◆ **WHAT THE TASK ASKS**
After removing every image, reproduce the data exactly as it appears.

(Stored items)
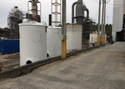 Este proyecto tuvo una duración de 5 meses y consistió en la instalación de 2 estanques de 45 m3 y 2 estanques de 21 m3 para almacenamiento de resinas. Entre las principales labores realizadas se encuentran el diseño e instalación de bombas, conexionados y líneas de alimentación de producción, además de la construcción de un galpón de 230 m2, todo fabricado previamente en nuestra maestranza. Hemos realizado trabajos similares para otros clientes en la industria forestal.
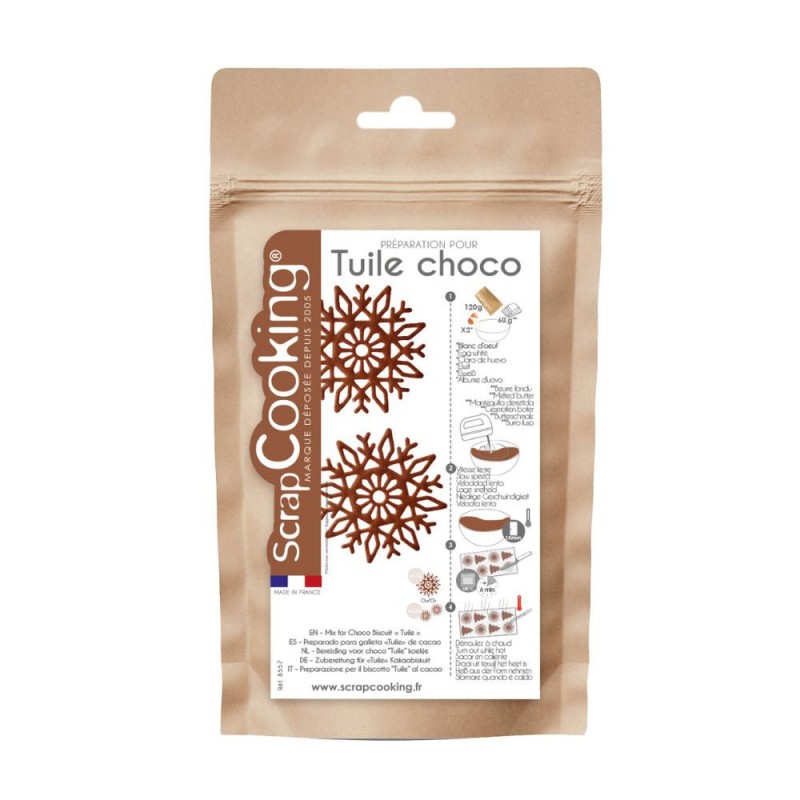 De 120g Chocolade Tuile van Scrapcooking is een kant-en-klare poedermix waarmee je snel en gemakkelijk heerlijke chocoladetegels maakt om al je gebak, hoofdgerechten, taarten, kerststolpen en meer te versieren.
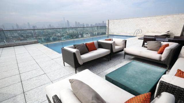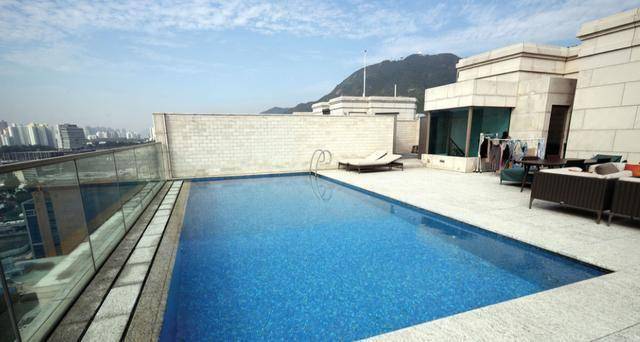 这一套豪宅位于九龙塘广播道的逸珑5座顶层,200多平方米的面积,四房间隔,顶楼有露天平台以及私人泳池。
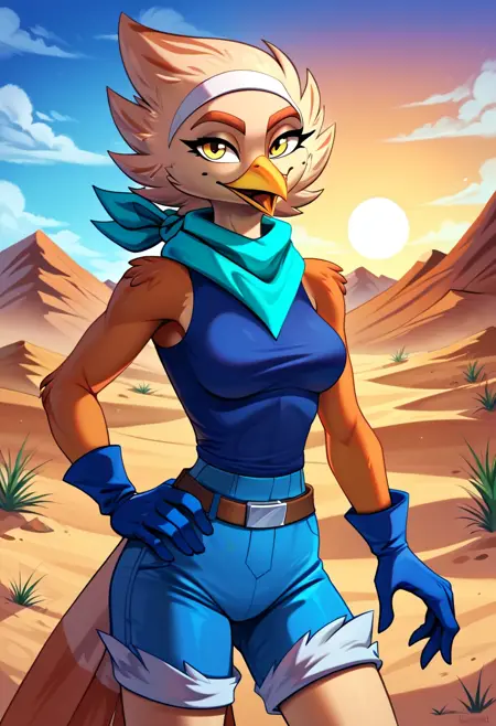Kaiko Goch, an anthropomorphic guira cuckoo, an original character created by Kukuhich/kykywka999 (https://t.me/kykywka999). LoRA was train on (mostly) her artwork with her permission.
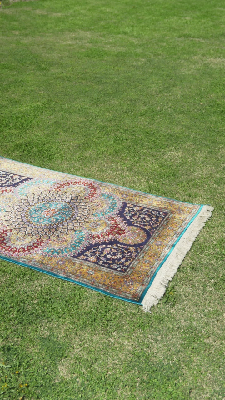 The opulence of our KashmKari Silk Carpets is defined by the term Silk on Silk. This signifies that both the foundation and the pile of the carpet are made from pure silk, embodying Kashmiri grandeur and artisanal precision. As a result, our carpets radiate an unparalleled sheen, soft texture, and luxurious finish.
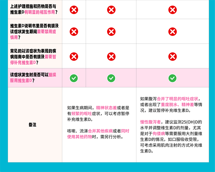 另外,如果生病期间,精神状态差或者是有频繁的呕吐症状,可以考虑暂停维生素 D;咳嗽、流涕合并其他疾病或者同时使用其他药物时,需另行分析。
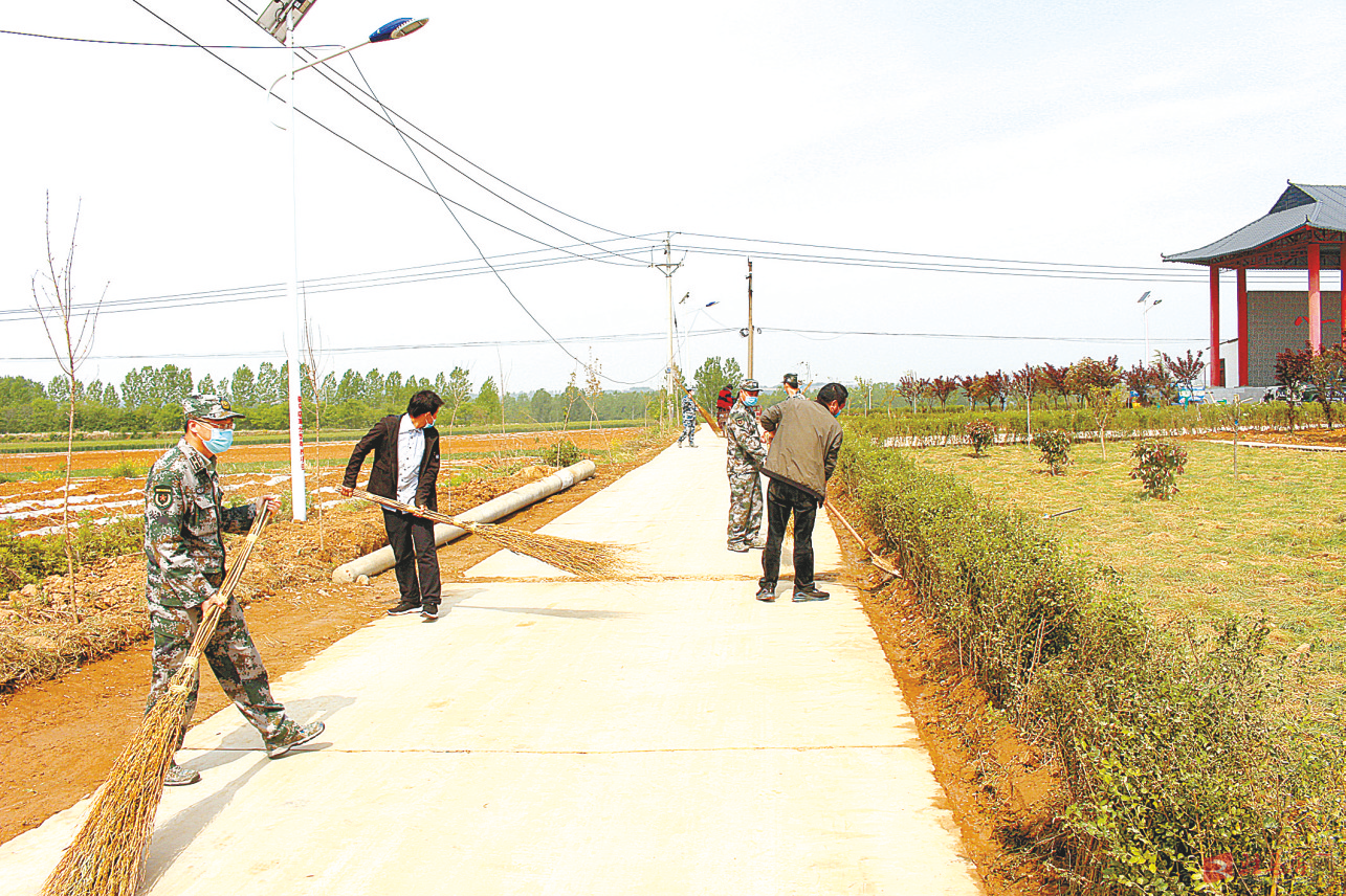驻马店军分区组织民兵到林庄村参加村容村貌环境治理,军地携手建设美丽林庄。
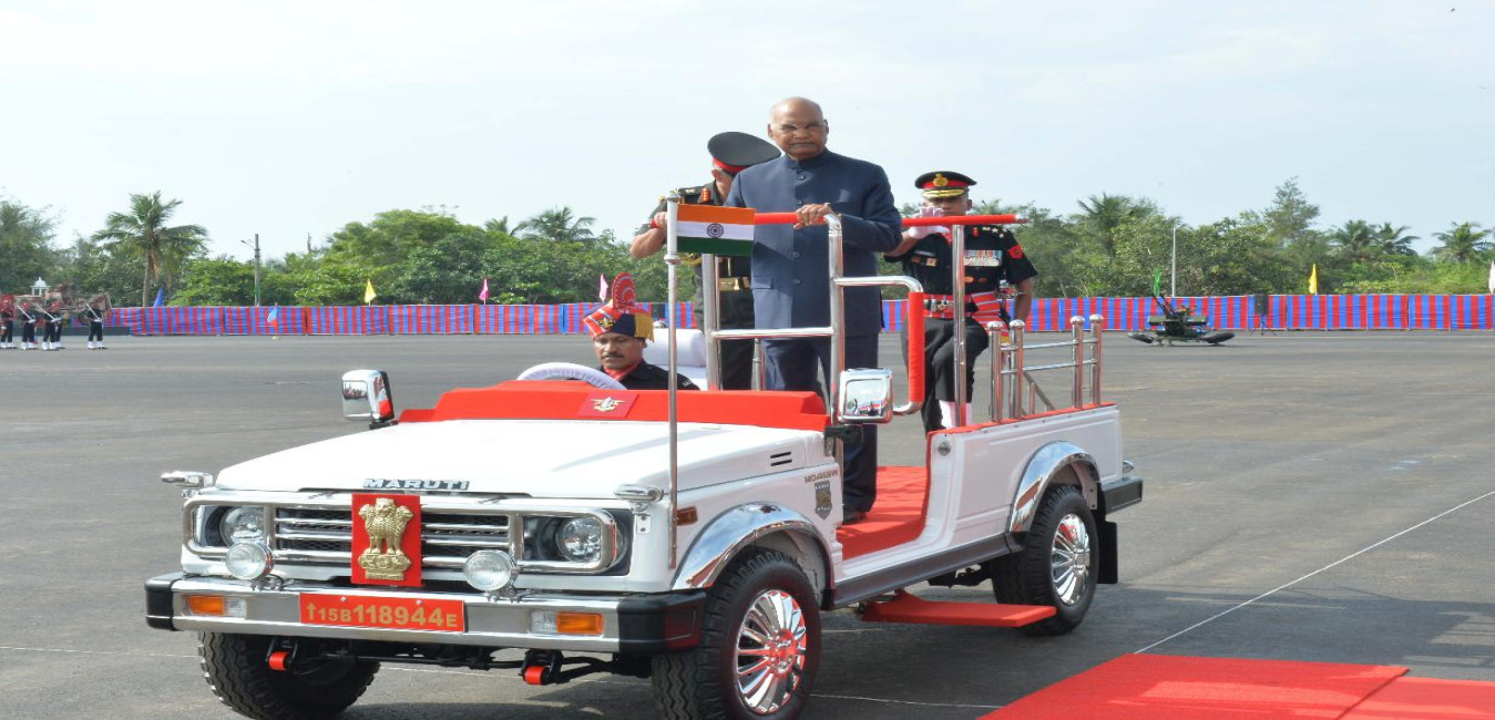 The President of India, Shri Ram Nath Kovind presenting Colours to Corps of Army Air Defence, at a ceremony, at Gopalpur, Odisha on September 28, 2019.
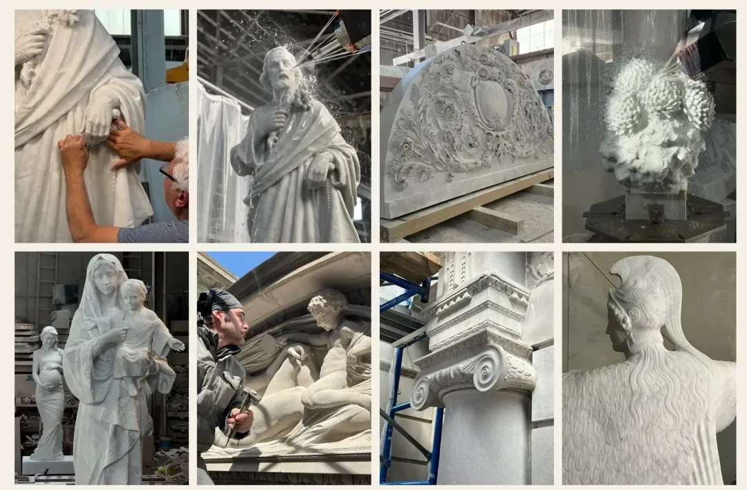 如哈佛毕业生 Micah Springut 通过用AI机器人与雕塑师的合作进行大理石雕刻,将雕塑成本降低了90%,创建公司“Monumental Labs”:
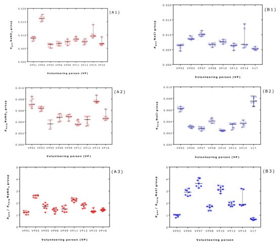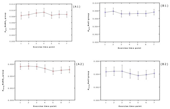 2.5. Effect of Supplementation and Exercise on the Equilibrium Constants in Each Volunteer and at Each Exercise Timepoint

◆ **THE ANSWER**
 Este proyecto tuvo una duración de 5 meses y consistió en la instalación de 2 estanques de 45 m3 y 2 estanques de 21 m3 para almacenamiento de resinas. Entre las principales labores realizadas se encuentran el diseño e instalación de bombas, conexionados y líneas de alimentación de producción, además de la construcción de un galpón de 230 m2, todo fabricado previamente en nuestra maestranza. Hemos realizado trabajos similares para otros clientes en la industria forestal.
 De 120g Chocolade Tuile van Scrapcooking is een kant-en-klare poedermix waarmee je snel en gemakkelijk heerlijke chocoladetegels maakt om al je gebak, hoofdgerechten, taarten, kerststolpen en meer te versieren.
 这一套豪宅位于九龙塘广播道的逸珑5座顶层,200多平方米的面积,四房间隔,顶楼有露天平台以及私人泳池。
Kaiko Goch, an anthropomorphic guira cuckoo, an original character created by Kukuhich/kykywka999 (https://t.me/kykywka999). LoRA was train on (mostly) her artwork with her permission.
 The opulence of our KashmKari Silk Carpets is defined by the term Silk on Silk. This signifies that both the foundation and the pile of the carpet are made from pure silk, embodying Kashmiri grandeur and artisanal precision. As a result, our carpets radiate an unparalleled sheen, soft texture, and luxurious finish.
 另外,如果生病期间,精神状态差或者是有频繁的呕吐症状,可以考虑暂停维生素 D;咳嗽、流涕合并其他疾病或者同时使用其他药物时,需另行分析。
驻马店军分区组织民兵到林庄村参加村容村貌环境治理,军地携手建设美丽林庄。
 The President of India, Shri Ram Nath Kovind presenting Colours to Corps of Army Air Defence, at a ceremony, at Gopalpur, Odisha on September 28, 2019.
 如哈佛毕业生 Micah Springut 通过用AI机器人与雕塑师的合作进行大理石雕刻,将雕塑成本降低了90%,创建公司“Monumental Labs”:
 2.5. Effect of Supplementation and Exercise on the Equilibrium Constants in Each Volunteer and at Each Exercise Timepoint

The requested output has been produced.